Eye tracking technology – User profiling and privacy concerns

 

eye tracking

Staring is like clicking.

Eye tracking technology is starting to be used in virtual reality (VR) systems and it could be used in smartphones or notebooks in the near future.

If you are a smart web user, you think twice before clicking on a link with an alluring bait. But what if you just linger on that link with your eyes?

By clicking on an advertisement, your ad provider acquires your interests and creates a profile on you. So it will send you other relevant commercials and potentially sell those information to commercial partners. But eye tracking adds subtle capabilities to marketing profiling.

For example, you may reveal your sexual preferences, a sensitive information, just by looking a web page. By measuring the time you stare at persons of each gender or the degree of your pupils dilation, you are inadvertently revealing that information.

It’s easy to avoid clicking on a commercial if you recognize it, but avoiding to look at an image is another story. It’s about your instinct, something you cannot and don’t want to give up.

In the same way, your eye movements may reveal sensitive information about your health status, like alcohol and drug use or some diseases.

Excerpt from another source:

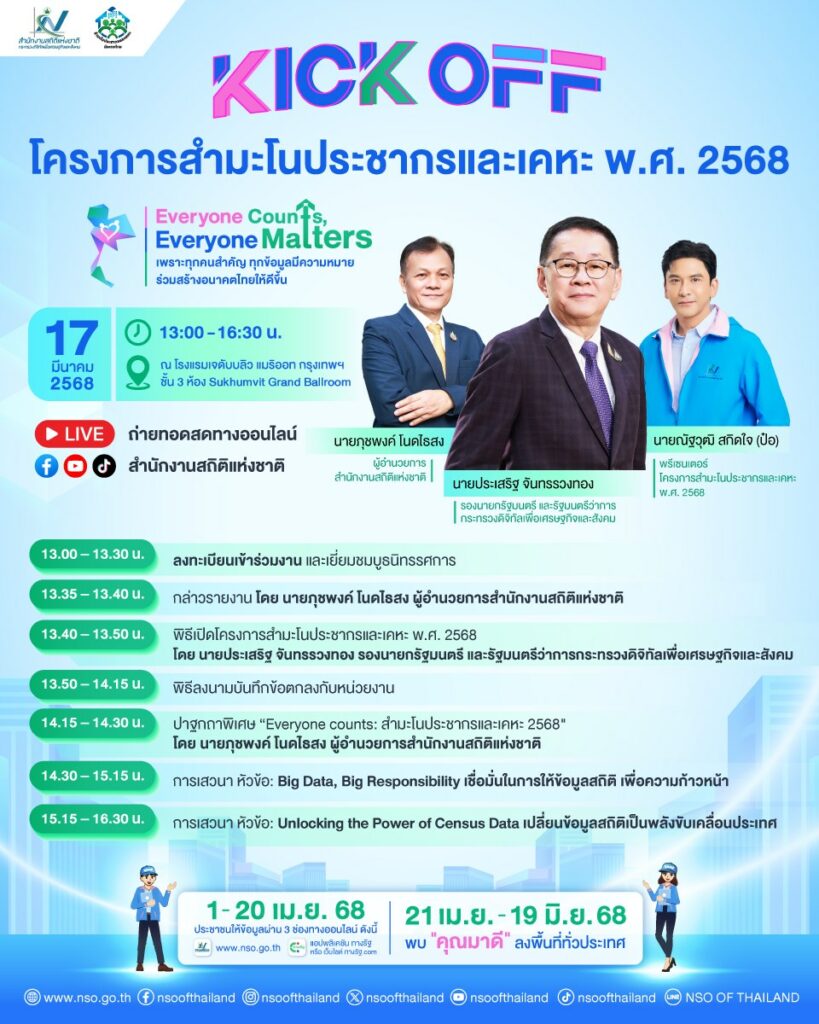 สำนักงานสถิติแห่งชาติ ขอเชิญชวนร่วมงาน “เปิดตัวโครงการสำมะโนประชากรและเคหะ พ.ศ. 2568” การเก็บข้อมูลประชากรแบบ Digital Census อย่างเต็มรูปแบบครั้งแรกของประเทศไทย

Furthermore, eye tracking systems could be used everywhere, for example integrated within billboards, to gather people preferences about products, color variants, body shapes, facial expressions and so on. But hopefully, in such cases, they cannot be matched with your identity.

Commercials may also be easily embedded in a free VR game. If you are required to log in to play that game, then you are profiled. The same holds true for other VR applications like, for example, roaming in a virtual urban scenario with some strategically placed advertisements.

We should be prepared to this next privacy invasion even though often we will be aware of that. Better to pay attention and when those boring privacy policies are available, don’t skip reading them to be aware of the consequences of using such products and services.